I mostly use the plastic bins that tilt out that come in different sizes


----------



## tyskkvinna (Mar 23, 2010)

Julie, I use the same style as you linked. In one particular shop setup I had, they were hanging on cleats. It worked really well, and I will probably use that setup again when I'm in a space that lends itself to it. I particularly like those bins (which I still use, just on shelves right now) because they're clear so I don't need to label anything. At least… not the hardware… I have another set of them for my cutting bits which I do label, but it's easy to put them back where they belong because everything is so visible.


----------



## SCOTSMAN (Aug 1, 2008)

Shelves around the shop or linn bin system is the answer I have a whole wall to the front door with nothing but screws and a few partitions with bolts etc.Alistair


----------



## TopamaxSurvivor (May 2, 2008)

As long as they are clear to see through. I use old bottles and try to organize them on shelfs or in boxes.


----------



## KentS (May 27, 2009)

I prefer to place all my hardware in unmarked cardboard boxes and stack them on crowded shelfs. That way you are constantly checking your hardware inventory to keep it all fresh in your mind.

Seriously, I've spent a lot of time organizing my tools, which I've just about finished (well, sort of). My hardware is the next step in my shop. I hate looking for something.


----------



## Knothead62 (Apr 17, 2010)

I would recommend a ready built unit. Some of the large industrial supply houses as MSC have a good variety.


----------



## hObOmOnk (Feb 6, 2007)

I have an extensive collection of small hardware, mostly antique and reclaimed.
I store them in heavy duty zipper plastic bags and use office supply spring clips to hang them on a nail board.
I usually include any notes, labels or box lids in the plastic bags for reference and identification.

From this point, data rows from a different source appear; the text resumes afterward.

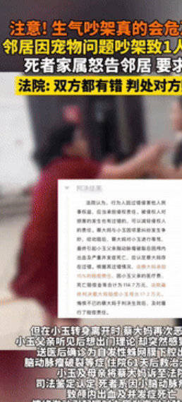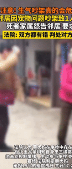 冤不冤!江苏无锡,一大妈路过邻居家时,被对方养的狗吓到了,于是就开始辱骂邻居,在两人争吵时,邻居父母也加入其中,不料,邻居父亲却因此被“气死”,事后,邻居将大妈告上法庭索赔,而法院这样判了! 据青岛新闻网8月21日的报道,在悲剧还没发生之前,大妈和邻居的关系就不太好,两人经常因为一些小事拌嘴。 这天,大妈准备外出办事时,刚好邻居也要外出去遛狗,然后狗就突然叫了声,给大妈惊着了。 就这样俩人开始吵架了,闹出的动静也把邻居父母给招来了,接着大妈就开始舌战群儒,一人说三个都不落下风。 直到有人选择报警,民警过来调解了后,双方才肯愿意停手,不过,就在邻居一家准备离开的时候,大妈又突然骂了几句。 而邻居的父亲就准备再次开启斗争,但是话还没来得及说出口,人就躺地上不省人事了,去医院救了2个月,还是没能挺过来。 至于原因就是情绪太激动,导致脑动脉瘤破裂,造成了脑出血以及其他的病症,事后,邻居就把大妈给把大妈起诉了,要求赔偿损失。 法院调查完情况后,就说邻居父亲明知道自己有高血压,还跑去和别人吵架,肯定是要负主责的,至于大妈的话,也有做的不对的地方,所以就判定她赔给邻居家17万就行了。 那么对于这件事情,您有什么想说的呢?
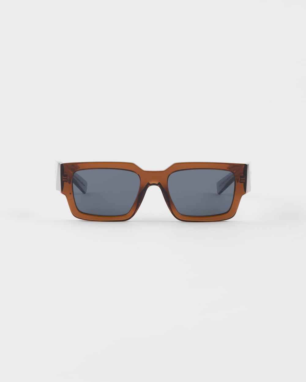 現代的なスクエアデザインのアセテートサングラス。太いリムの大きなフロントに、プラダのレタリングロゴで装飾された独特の三次元加工が施されたファセットテンプルを組み合わせています。いくつかのカラーバリエーションでは、リム部分にコントラストカラーを効かせたアセテート層の組み合わせが特徴です。
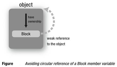 为了避免这种情况发生,可以在变量声明时用 __weak 修饰符修饰变量 self,让 block 不强引用 self,从而破除循环。iOS4 和 Snow Leopard 由于对 weak 的支持不够完全,可以用 __unsafe_unretained 代替。
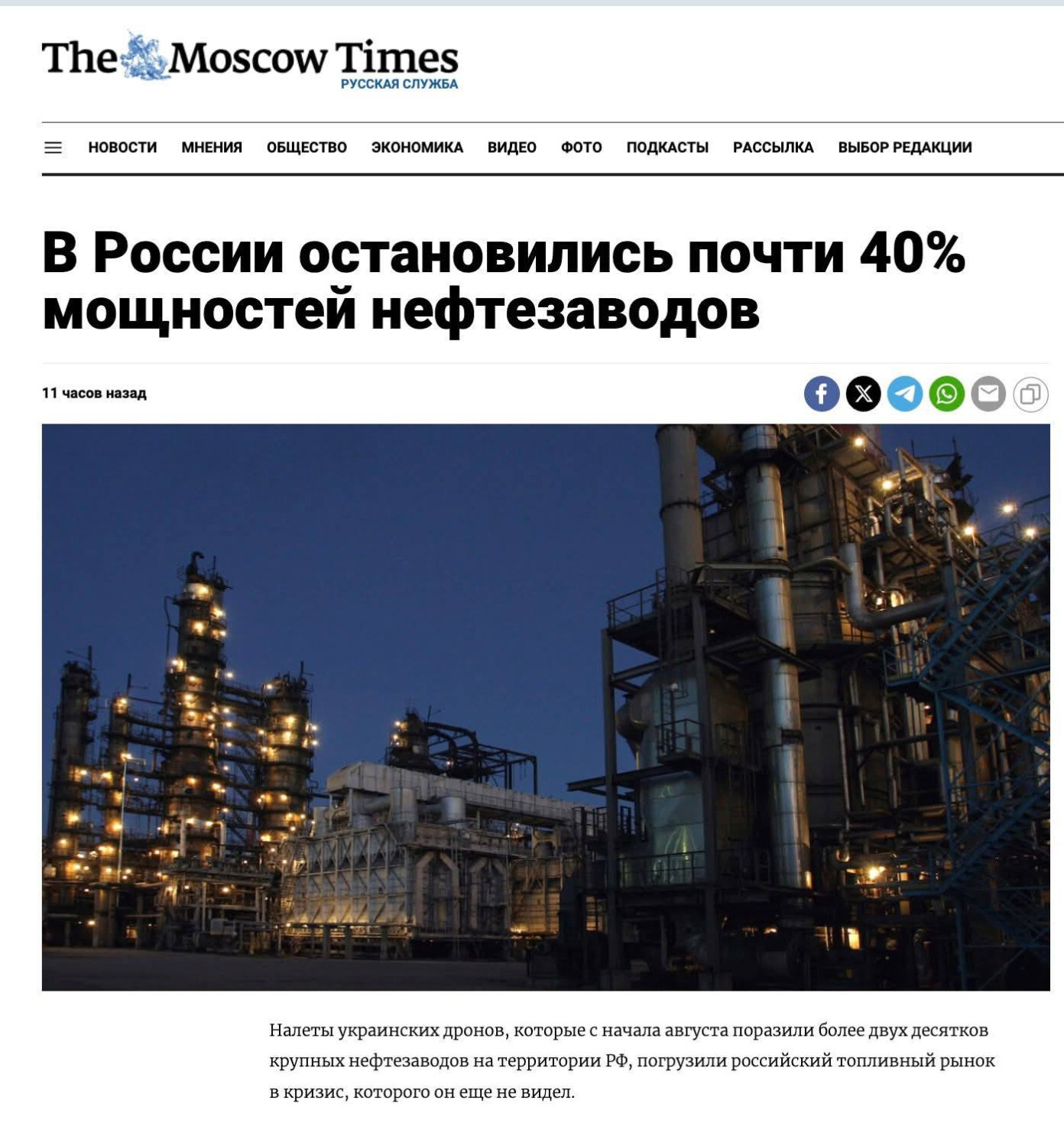 Украинские дроны вывели из строя уже более трети российских мощностей по переработке нефти. Каждую ночь горит еще один НПЗ. Страна-бензоколонка начинает закупать бензин в Китае. С рабсеянского рынка ушли крупные иностранные компании, объем потерянных инвестиций достигает $240 млрд. Потеряны $300 млрд вкладов в западных банках. Резервный фонд проеден. Быстро растут налоги. Денег в долг никто не дает. Начинается стагнация, а во многих частях экономики уже и рецессия. Идет сильнейшая утечка мозгов. Научные связи с миром разорваны. Самолеты разбирают на запчасти. РФ лишилась доступа к критически важным западным технологиям. Страна превратилась в сырьевой придаток Китая… список можно продолжать очень долго.
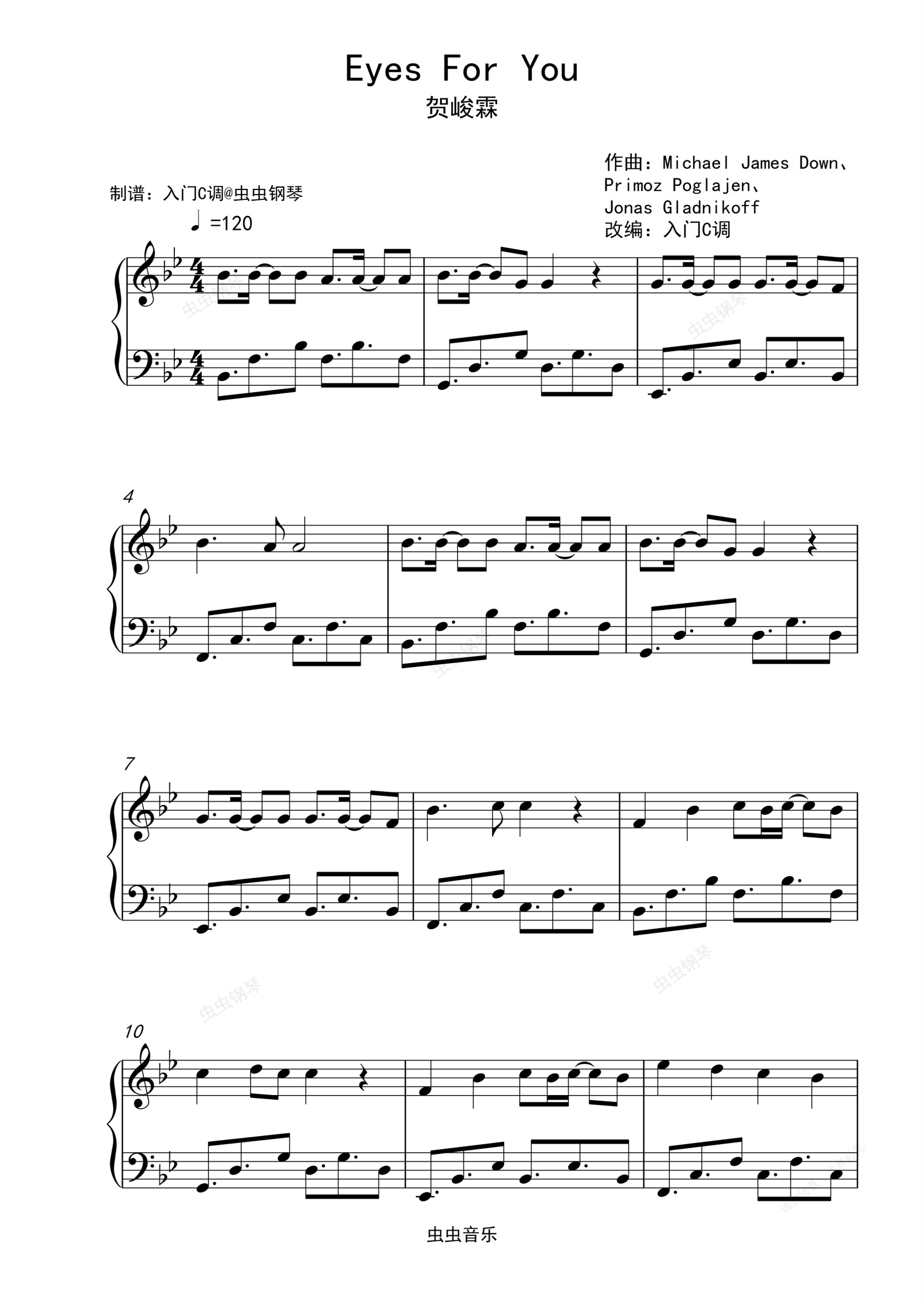 钢琴谱:贺峻霖 《Eyes For You》原调简单版
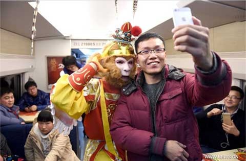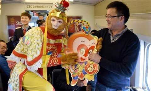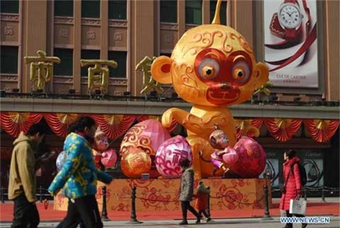 Trang trí mừng năm mới Bính Thân tại Bắc Kinh, Trung Quốc. Tôn Ngộ Không tặng quà và chụp ảnh tự sướng cùng các khách đi tàu tại Trung Quốc Mua đồ trang trí Tết ở Trung Quốc |

Easy to see and easy to find.


----------



## hjt (Oct 22, 2009)

Boy Julie - you got a lot of ideas from your fellow LJ's. Here's one more. As many have said, plastic bins. http://www.northerntool.com/shop/tools/category_storage-organizers+bins-racks+louvered-panel-systems


----------



## followyourheart (Feb 3, 2010)

Okay, after thinking this over, I made my own bins… read all about it here at Lumberjocks in my blog
Wall-Mounted Bins


----------



## CharlieM1958 (Nov 7, 2006)

Nice job!

But I have to say…. You exhibited true Lumberjock behavior: Why do it the simple and easy way by purchasing something ready-made when you can spend hours of time and just as much money doing it yourself? LOL!


----------